• [EXCERPTED RECORDS]
+ + +
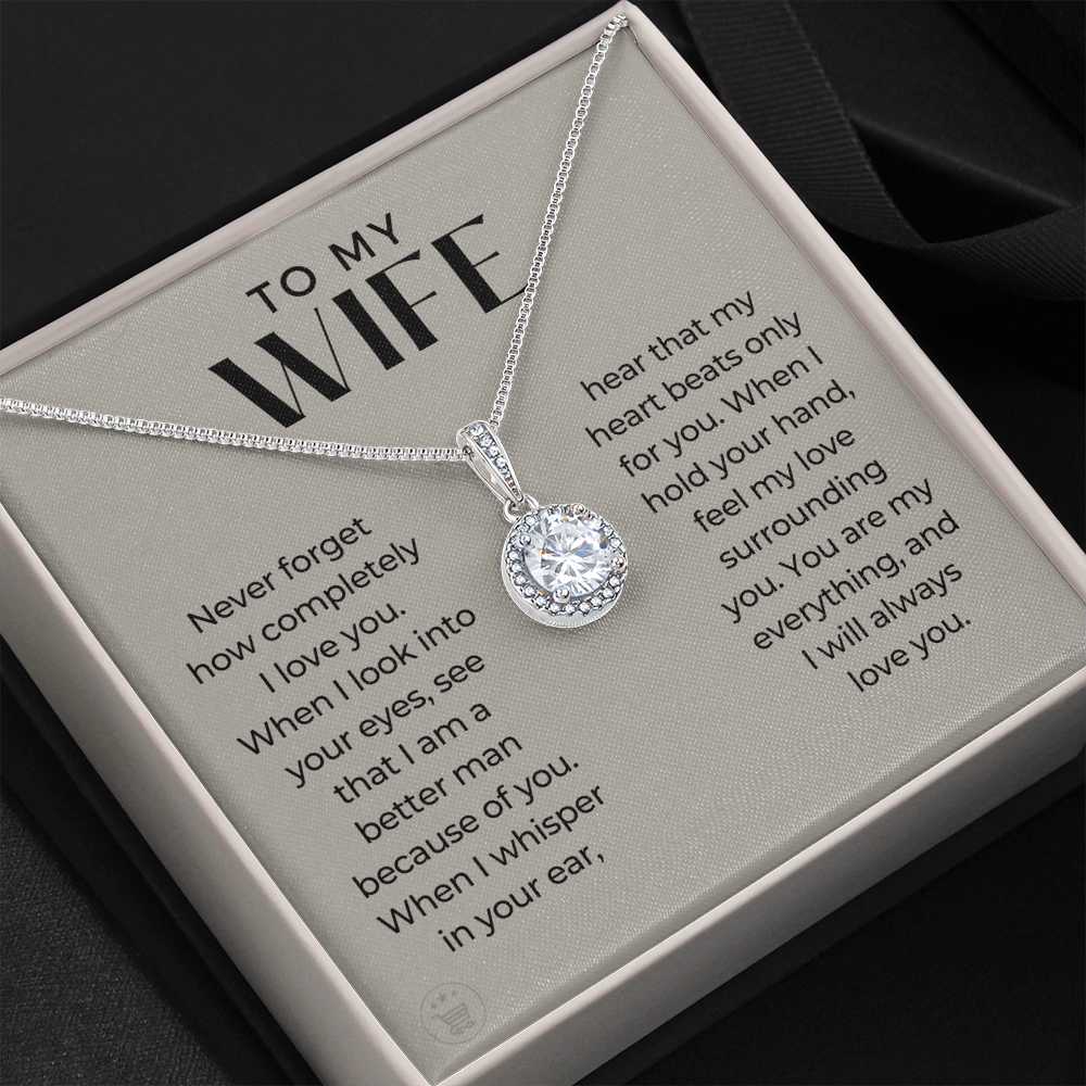 Never forget how completely I love you. When I look into your eyes, see that I am a better man because of you. When I whisper in your ear, hear that my heart beats only for you. When I hold your hand, feel my love surrounding you. You are my everything, and I will always love you.
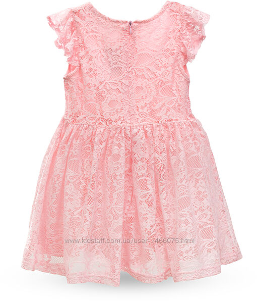 Великолепная нарядная ажурная модель приятного, нежно-розового цвета с короткими рукавами-крылышками для вашей красавицы.
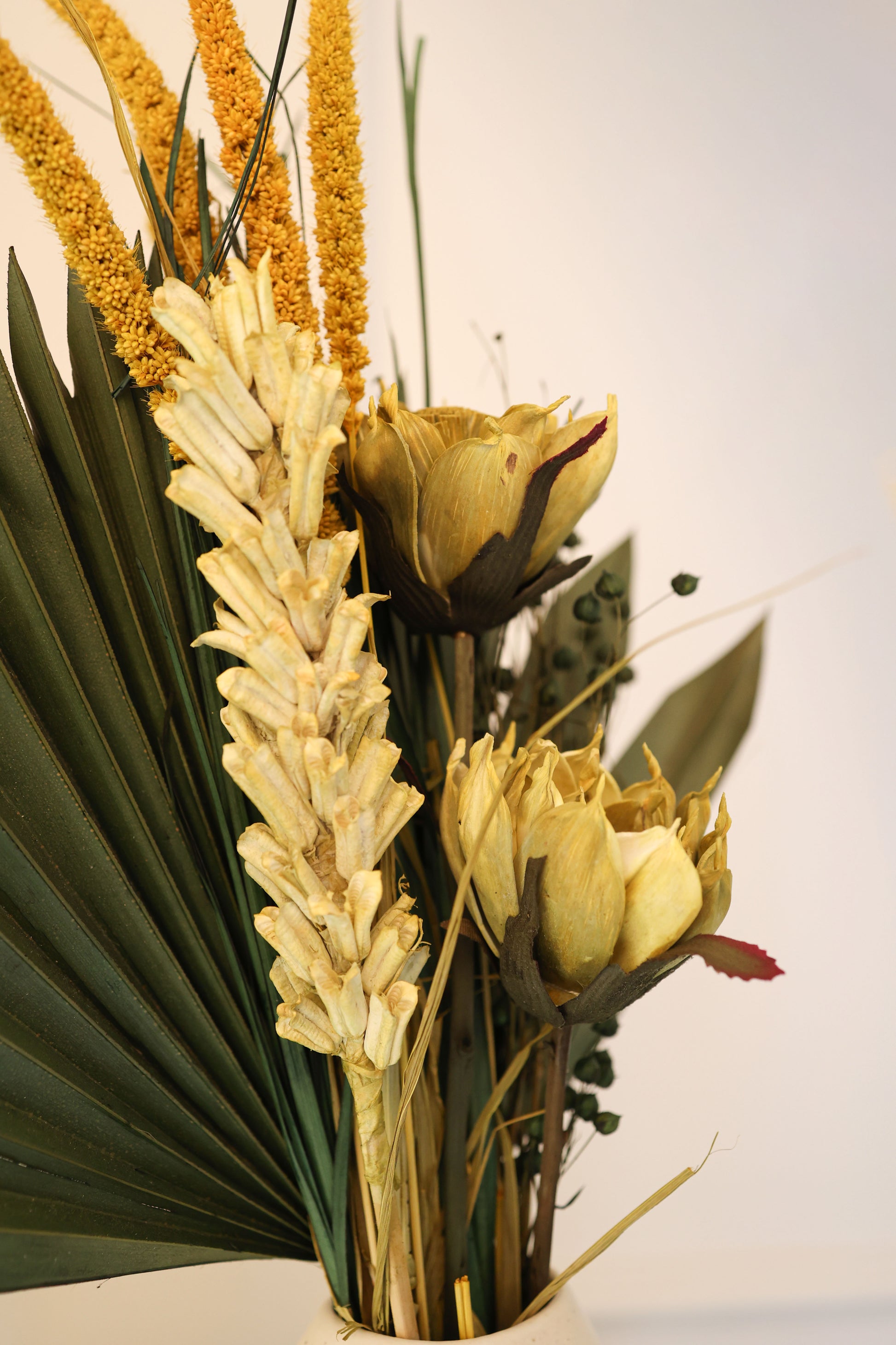 Description Bring a burst of vibrant energy with our eye-catching Sunny Daze Dried Bouquet. This arrangement adds a lively, sunny touch to any room. Ideal for small vases or as a cheerful gift, these naturally preserved flowers bring a fresh and invigorating charm to your décor.
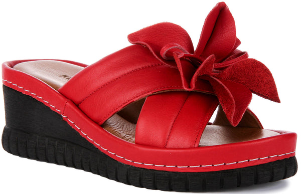 A perfect combination of comfort and style, these wedge sandals from JUSTINREESS feature crossstrap leather upper with flower applique design on the front. It has open front and back for breathability, cushioned footbed for all day comfort and slip-resistant outsole for excellent grip and traction. Finished with clean stitch detailing, these comfort sandals are perfect for everyday use.
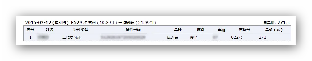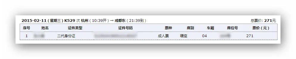 刷得K529杭州到成都东硬座一张。
+ + +
• [PROMPT] Copy each record exactly. Leave any images out of the copy.

• [YOUR SOLUTION]
 Never forget how completely I love you. When I look into your eyes, see that I am a better man because of you. When I whisper in your ear, hear that my heart beats only for you. When I hold your hand, feel my love surrounding you. You are my everything, and I will always love you.
 Великолепная нарядная ажурная модель приятного, нежно-розового цвета с короткими рукавами-крылышками для вашей красавицы.
 Description Bring a burst of vibrant energy with our eye-catching Sunny Daze Dried Bouquet. This arrangement adds a lively, sunny touch to any room. Ideal for small vases or as a cheerful gift, these naturally preserved flowers bring a fresh and invigorating charm to your décor.
 A perfect combination of comfort and style, these wedge sandals from JUSTINREESS feature crossstrap leather upper with flower applique design on the front. It has open front and back for breathability, cushioned footbed for all day comfort and slip-resistant outsole for excellent grip and traction. Finished with clean stitch detailing, these comfort sandals are perfect for everyday use.
 刷得K529杭州到成都东硬座一张。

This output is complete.